You are really getting on my tits now !!!! ANIMAL ADDICT DOES NOT SELL !!!!!!! She is awake most of the night playing and handling all her hogs as she is at work in the day Oh is that bad working in the day and earning a living oh Animal addict you should be at home in the day with the hogs oh and yes she as got a BIG !! exotic room as well 

I will say every post i have read of yours you always mention Cheron and who the hell is that ????
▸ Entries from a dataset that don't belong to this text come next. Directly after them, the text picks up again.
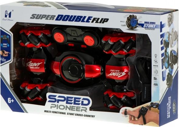 Doživite adrenalin s kaskaderskim RC autom SPEED PIONEER 360 u plavoj boji. Zahvaljujući dva upravljača – klasičnom joysticku i narukvici s gravitacijskim senzorom – upravljat ćete gestama. Auto je obostrano, izvodi 360° okrete, ima 2 načina vožnje (trkaći i off-road), višesmjerna kola i domet do 20 m na frekvenciji 2,4 GHz.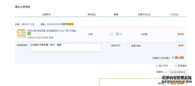 接着,在淘宝上搜索相关微信服务的商家,为了验证刷量技术的普及率,分别找了不同的商家来刷阅读率和点赞数,点赞是4毛钱一个,我花了20元钱买了50个,送了2个;阅读率是10元1000个,我花了10元钱买了1000个,对方很豪爽的赠送600个,店家说目前微信的这些数据都是可以刷的,一般10分钟内可以全部搞好: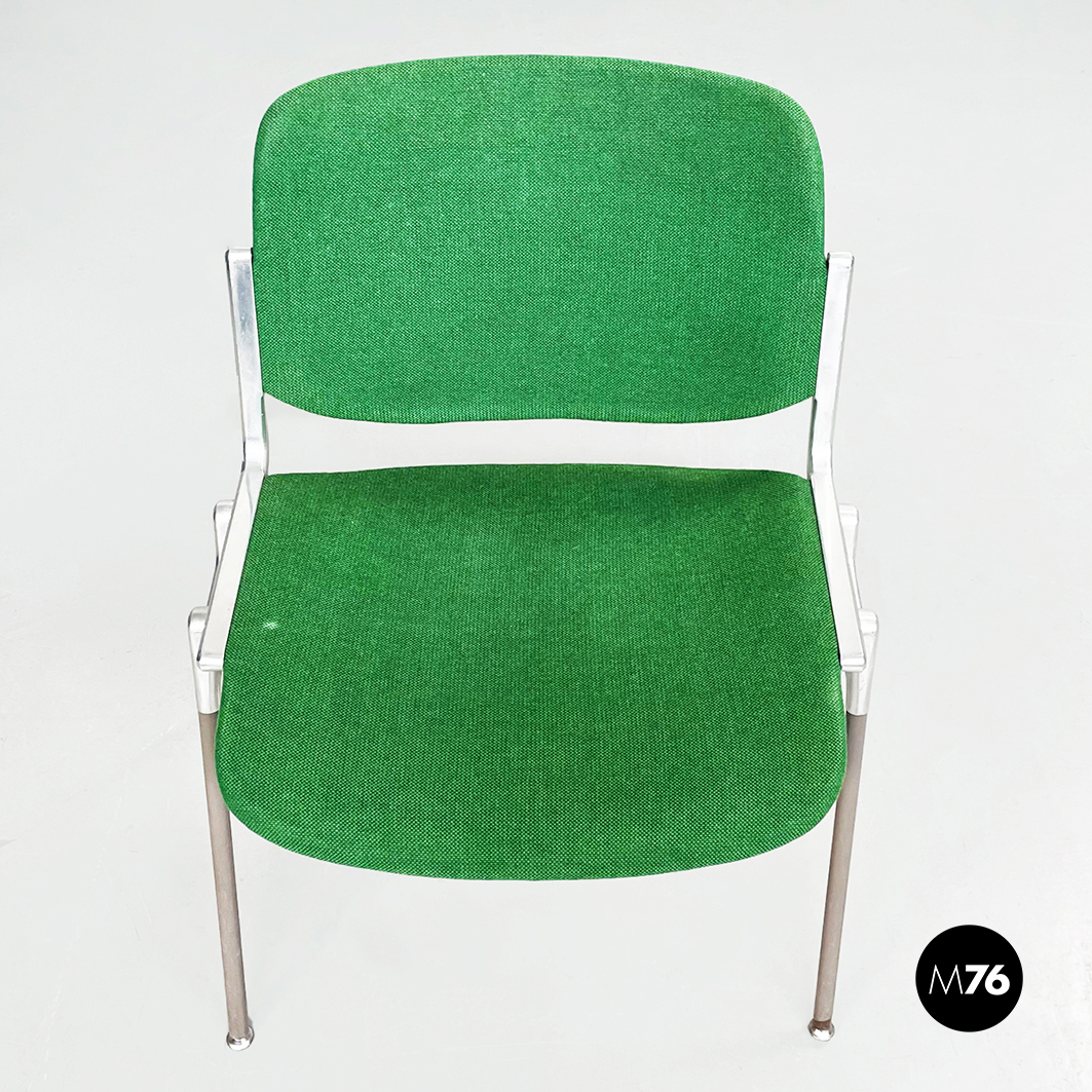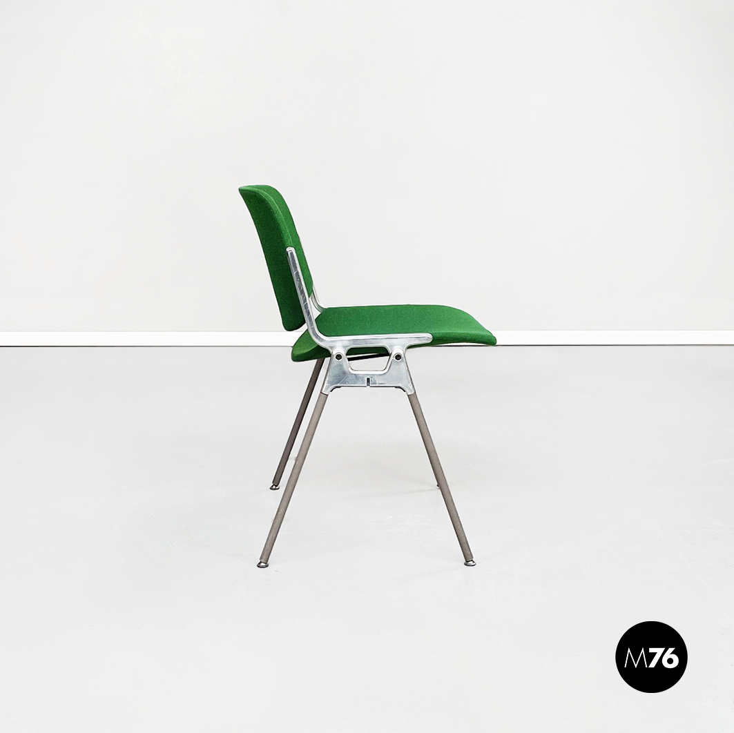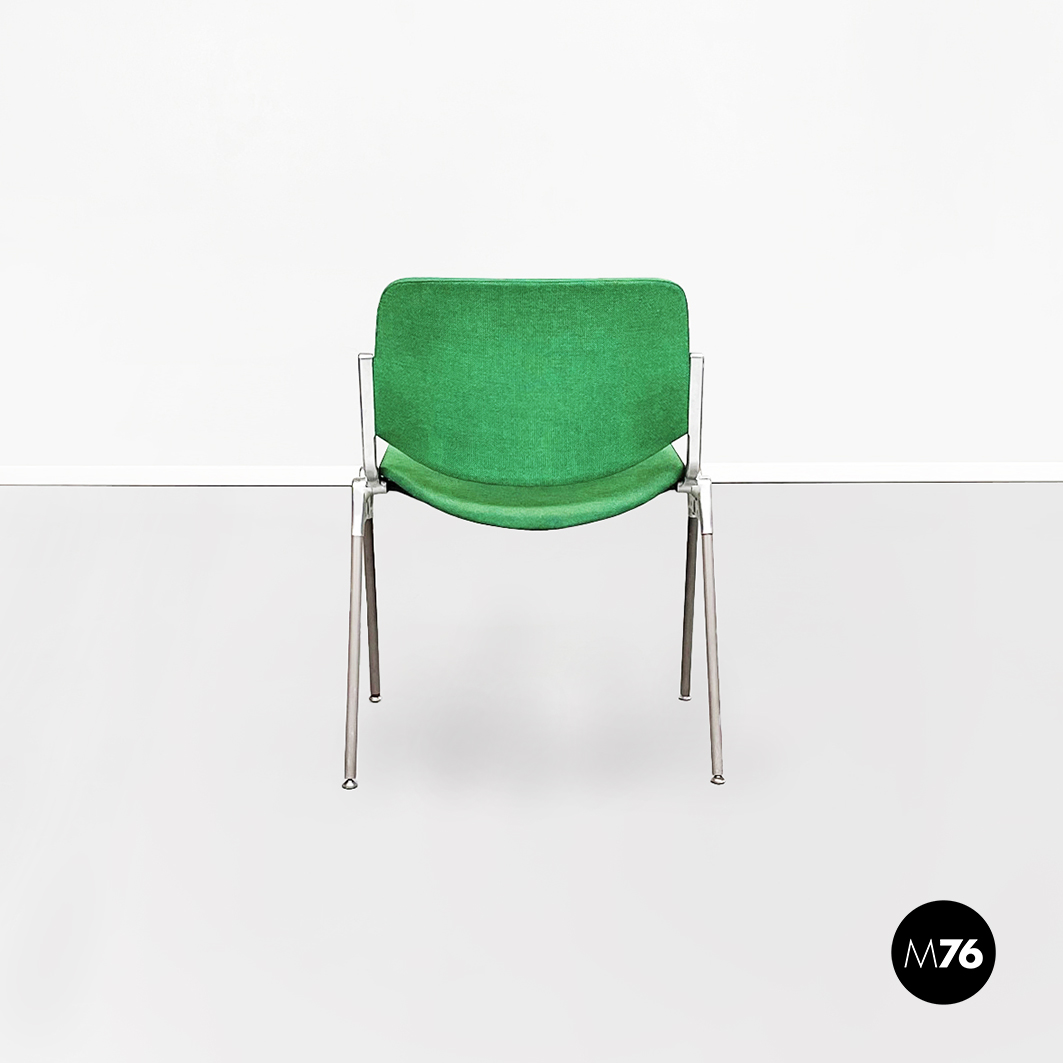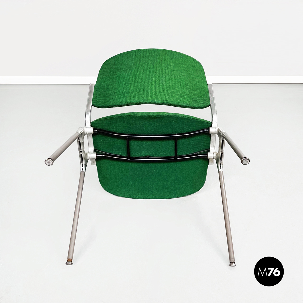 Sedia modello DSC con seduta e schienale di forma stondata e rivestiti in tessuto verde brillante. La struttura robusta è in allumininio con gambe a sezione tonda rivestite in plastica grigia.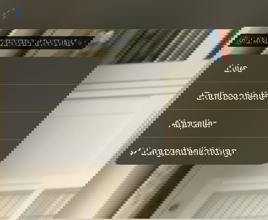 Langzeitbelichtung ist der kreativste Modus: iOS überlagert alle 45 Einzelbilder zu einem Foto mit Bewegungsunschärfe. Ideal für fließendes Wasser, Autolichter bei Nacht oder andere sich bewegende Objekte vor statischem Hintergrund.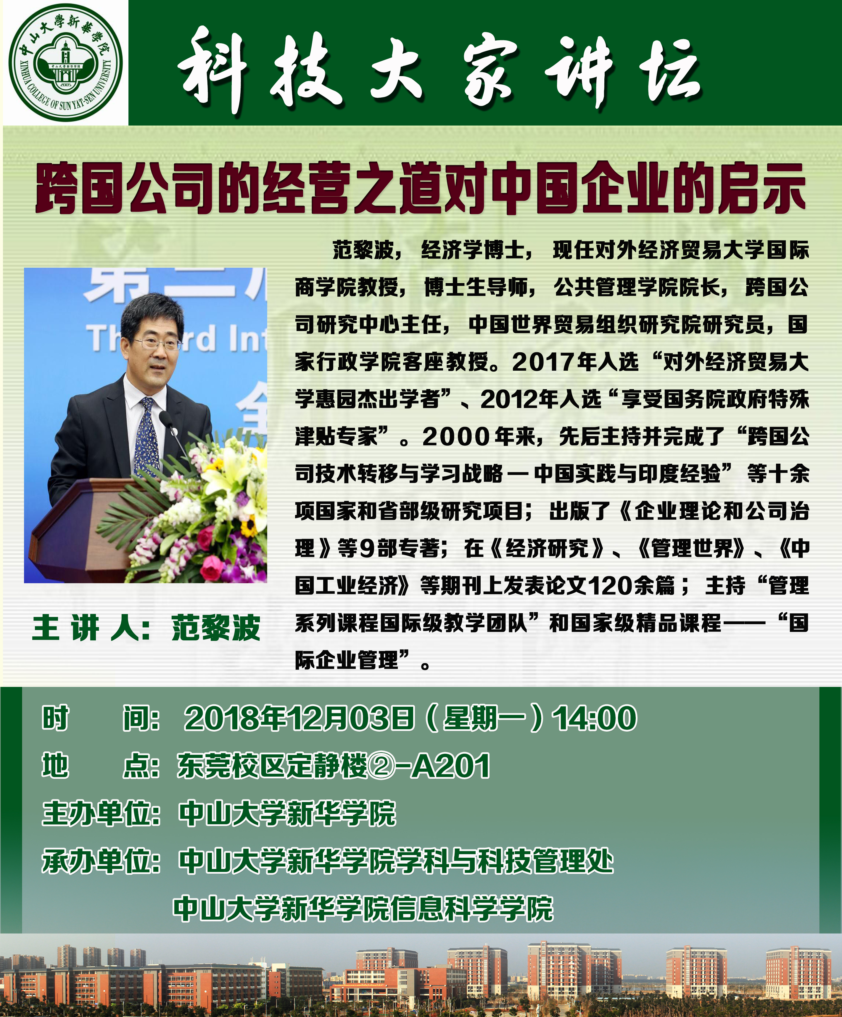 讲座时间:2018年12月03日(星期一)14:00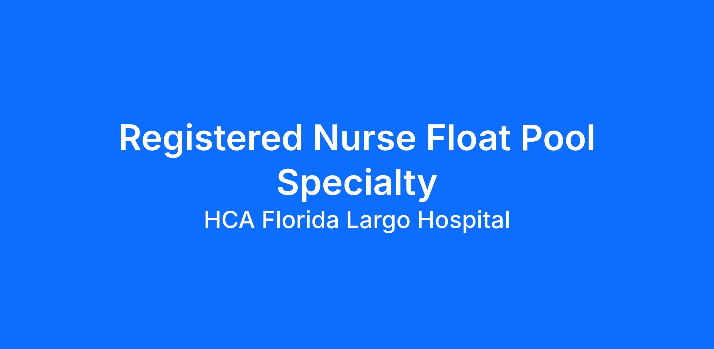 Do you want to be appreciated daily? Our nurses are celebrated for being on the front line, empathetic for patients. At HCA Florida Largo Hospital our nurses set us apart from any other healthcare provider. We are seeking a(an) Registered Nurse RN Float Pool-Specialty to join our healthcare family.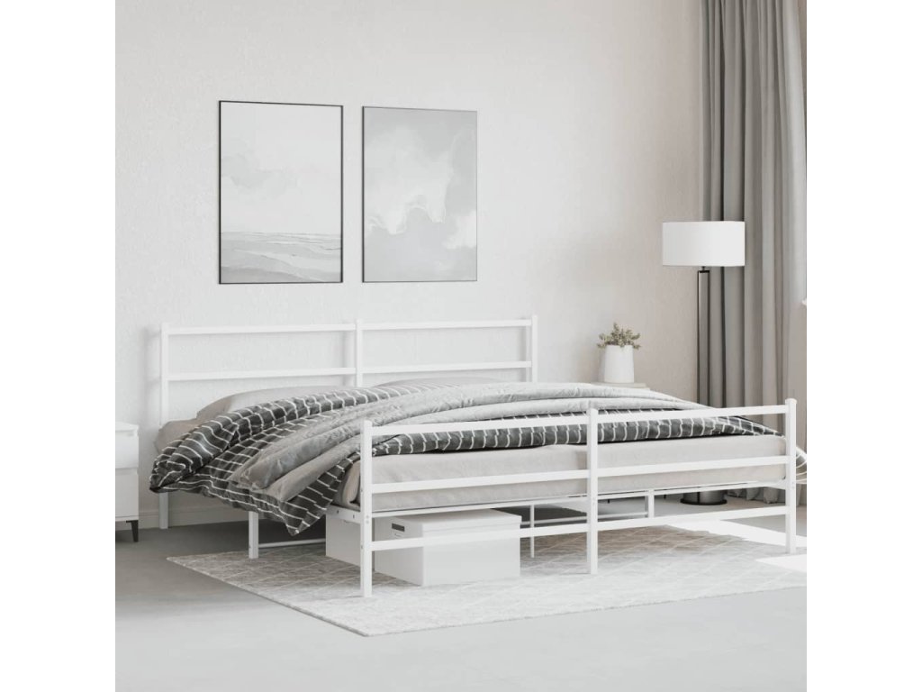 Kovový rám postele s hlavovým a nožním čelem bílý 200 x 200 cm 355439

Fair play this a great forum i never belived what people say about this site god i belive them now


----------



## ste_lloyd (Feb 7, 2009)

angels1531 said:


> Animal Addict has probably forgotten more abotu APH's than I will ever know! ALWAYS been supportive and knowledgable, willing to help and share.
> This thread is now getting personal. As I have previously said, it was really the way the OP went about it that put peoples backs up... and IMO rightly so. There are far too many people wheeling and dealing animals around like sweets in a shop. They come on... get what they want, and when it all gets boring or too much like hard work, they are back up for sale. Its such a shame that there are so many people thinking they can just dispose of their critters when they realise that theres a lot more to looking after an animal than just turning up and feeding it.


I respect other peoples points of view

Did i say only buy them at night ?? well i have never bought one at night are we meant to ??? well in the early evening i have i cant really get to grips what you mean by buying at night only do you think they should only be bought at night ?? is that what you are saying and not to be bought in the day[/QUOTE]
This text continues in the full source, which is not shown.